You can explain why The Indelicates are genuinely unique in the music scene, with one simple fact. They did an entire concept album about David Koresh and the Waco siege. David Koresh Superstar, released in 2011, is the Indelicates at their most theatrical. It's the soundtrack to a musical that, as yet, has never hit the stage. It's very odd and very good. "Something Goin' Down in Waco" is perhaps one of the album's highlights. A collection of voices and 'eyewitnesses' from the ATF to David Koresh, it showcases every single possible opinion without judgement. A better way of representing the confusion still surrounding those events is impossible to imagine.

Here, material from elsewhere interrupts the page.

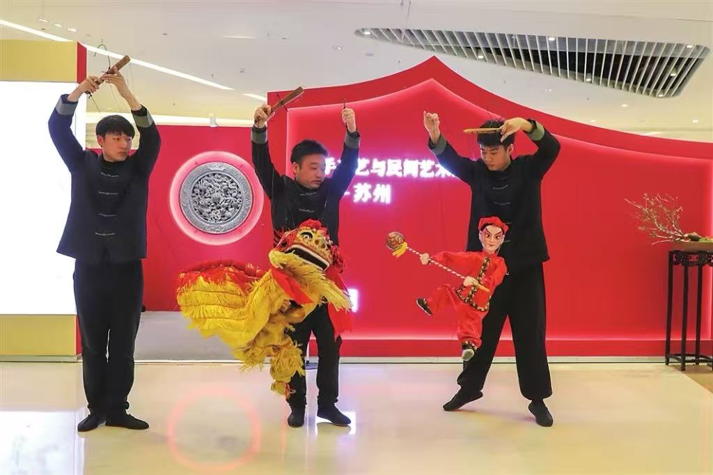 昨日,蘇州馬年新春非遺系列活動之七都提線木偶演出亮相蘇州中心,懸絲飛舞間,傳統技藝引得來往顧客紛紛駐足。

"Beyond the Radio Horizon (115 Years)"

As I mentioned before, it's normally the lyrical wit that you notice about The Indelicates. But not on this track from Elevator Music. It's not that they're bad; it's an interesting tale about "The Network" achieving consciousness and moving away from all the pettiness and pointlessness of humanity. But the music here is nothing short of spectacular. It starts off slow and pleasant, but as the chorus comes in it just soars. In a just world "Beyond the Radio Horizon (115 Years)" would have had heavy rotation on mainstream radio. In our world, it will just have to settle for being a truly glorious listening experience for the handful willing to listen.

"Flesh"

Nobody quite knew what to expect from The Indelicates second album. Songs for Swinging' Lovers still brought a fresh surprise in 2010. "Flesh" explains why. It starts with Julia singing "Hey girls, let’s see if we can bring out the rapists in the new men" and carries on from there. This is The Indelicates at their least comfortable listening, dissecting ideas and falsehoods with a ruthless and practised eye. "Flesh" is not there to be your friend or to reassure you. It's there to make you think and worry and self-examine. It's a song only a band completely dedicated to making its own way in life would even consider recording.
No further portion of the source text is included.